Task item
The answer must consist solely of the lines below starting at the one containing "学校法人富士学園 認定こども園 >" and ending at the one containing "Obývací stěna v", repeated exactly, with both ends included and all pictures omitted.

Extracted records
▶
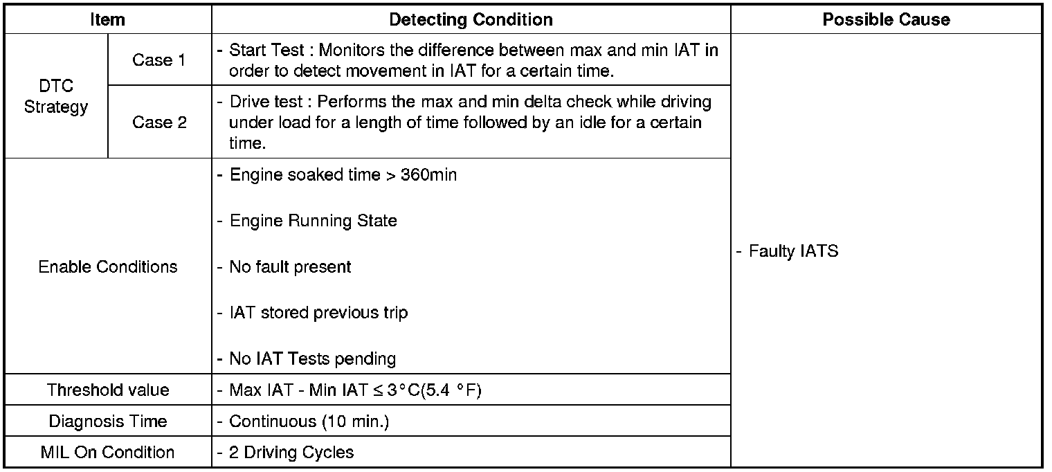 ECM monitors temperature difference between MAX. and MIN IATS in order to detect movement in IATS not only Start Test but Drive Test while enable condition is met. If ECM detects intake air temperature changes less than 5.4 °F ECM determines that a fault exists and a DTC is stored.
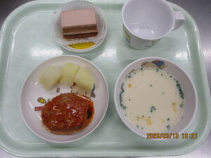 学校法人富士学園 認定こども園 > 最新情報 > 給 食 > ❄3月13日の給食❄❄3月13日の給食❄2026年3月13日給 食こんにちは🌞 今日の給食は 煮込みハンバーグ,粉ふきいも,コーンクリームスープ,お祝いケーキでした🍰✨ おやつはラスクでした♪ 明日は卒園式ですね🌸 卒園児の皆さまおめでとうございます🌷✨
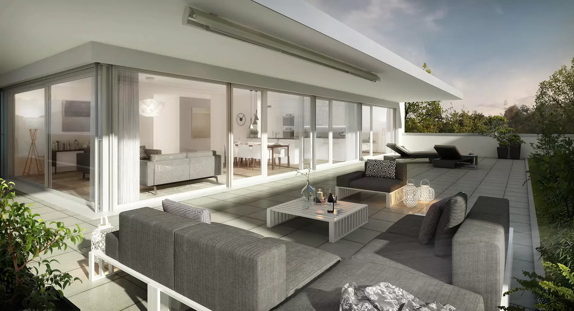 The charming, two-storey residential buildings have two 3½-room apartments, two 4½-room apartments and one 5½-room apartment on the ground floor, all with direct access to cosy, sheltered seating areas. Attractive 4½- and 5½-room apartments with spacious, sheltered terraces of up to 127 m² have been created on the top floor. Both the seating areas and the terraces are equipped with sun awnings to provide pleasant shade. Each apartment has two bathrooms, its own washing machine and tumble dryer, a comfort ventilation system and a cellar compartment, guaranteeing a high level of living comfort.
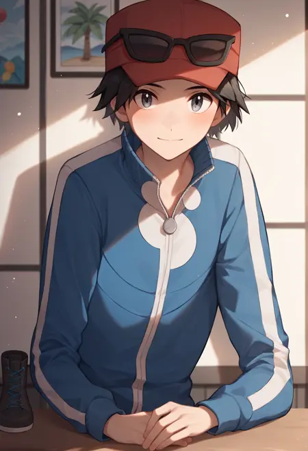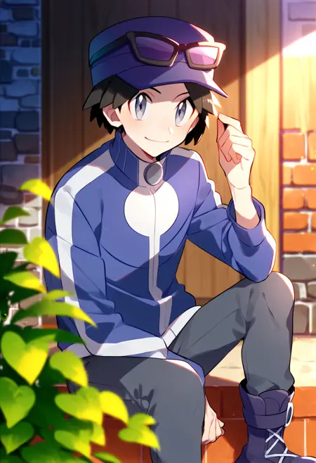 일반 복장: calem_pokemon, 검은 머리, 회색 눈, 빨간 모자, 안경이 모자에 착용, 파란 재킷, 파란 바지, 검은 부츠,
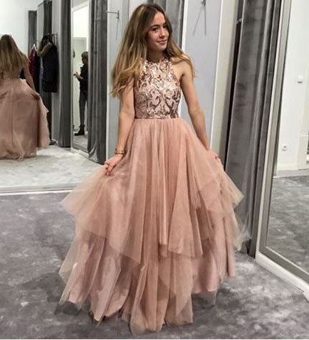 A-Line Asymmetrical Blush Prom Dress with Sequin
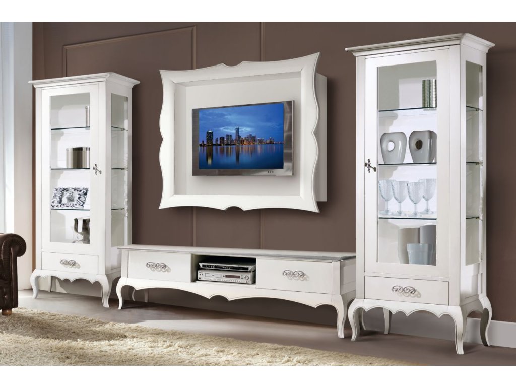 Obývací stěna v glamour stylu. Skládá se ze dvou prosklených vitrín se skleněnými policemi a zásuvkami ve spodní části, TV stolku se dvěma zásuvkami a otevřeným úložným prostorem. Součástí sestavy je i police s ozdobným rámem, vhodná k umístění televize. Celkový vnější vzhled skvěle doplňují tvarované nohy a designové úchytky.
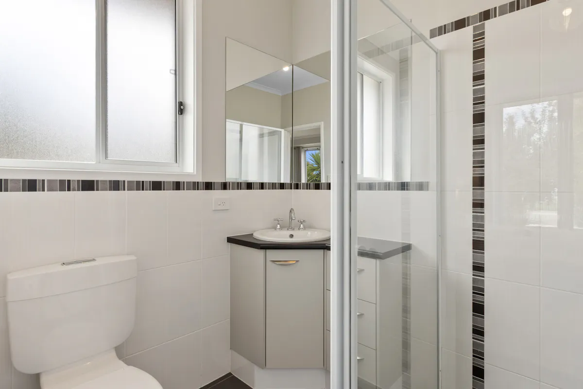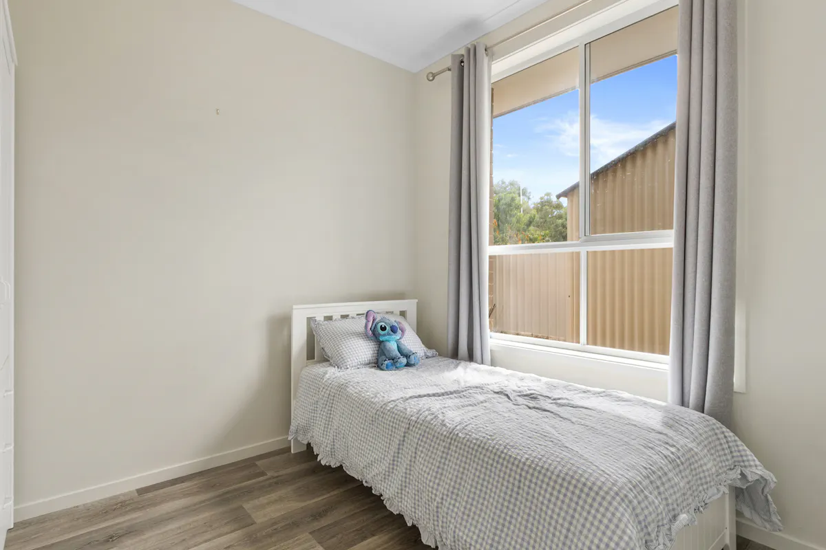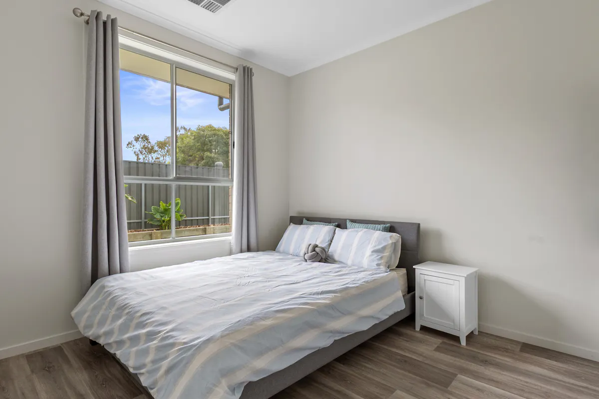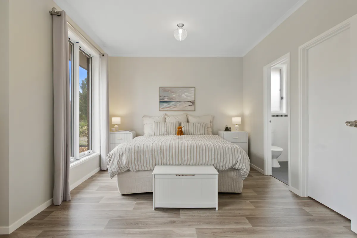 The remaining three bedrooms are all well-sized and thoughtfully appointed with vinyl flooring, blockout curtains, and air vents for comfort. Centrally located, the three-way bathroom is both functional and family-friendly, featuring a large vanity, linen storage, and a separate toilet. Adding further flexibility, a fifth room can be adapted to suit your needs-whether as a home office, storage space or additional accommodation.
◀
The completed task
 学校法人富士学園 認定こども園 > 最新情報 > 給 食 > ❄3月13日の給食❄❄3月13日の給食❄2026年3月13日給 食こんにちは🌞 今日の給食は 煮込みハンバーグ,粉ふきいも,コーンクリームスープ,お祝いケーキでした🍰✨ おやつはラスクでした♪ 明日は卒園式ですね🌸 卒園児の皆さまおめでとうございます🌷✨
 The charming, two-storey residential buildings have two 3½-room apartments, two 4½-room apartments and one 5½-room apartment on the ground floor, all with direct access to cosy, sheltered seating areas. Attractive 4½- and 5½-room apartments with spacious, sheltered terraces of up to 127 m² have been created on the top floor. Both the seating areas and the terraces are equipped with sun awnings to provide pleasant shade. Each apartment has two bathrooms, its own washing machine and tumble dryer, a comfort ventilation system and a cellar compartment, guaranteeing a high level of living comfort.
 일반 복장: calem_pokemon, 검은 머리, 회색 눈, 빨간 모자, 안경이 모자에 착용, 파란 재킷, 파란 바지, 검은 부츠,
 A-Line Asymmetrical Blush Prom Dress with Sequin
 Obývací stěna v glamour stylu. Skládá se ze dvou prosklených vitrín se skleněnými policemi a zásuvkami ve spodní části, TV stolku se dvěma zásuvkami a otevřeným úložným prostorem. Součástí sestavy je i police s ozdobným rámem, vhodná k umístění televize. Celkový vnější vzhled skvěle doplňují tvarované nohy a designové úchytky.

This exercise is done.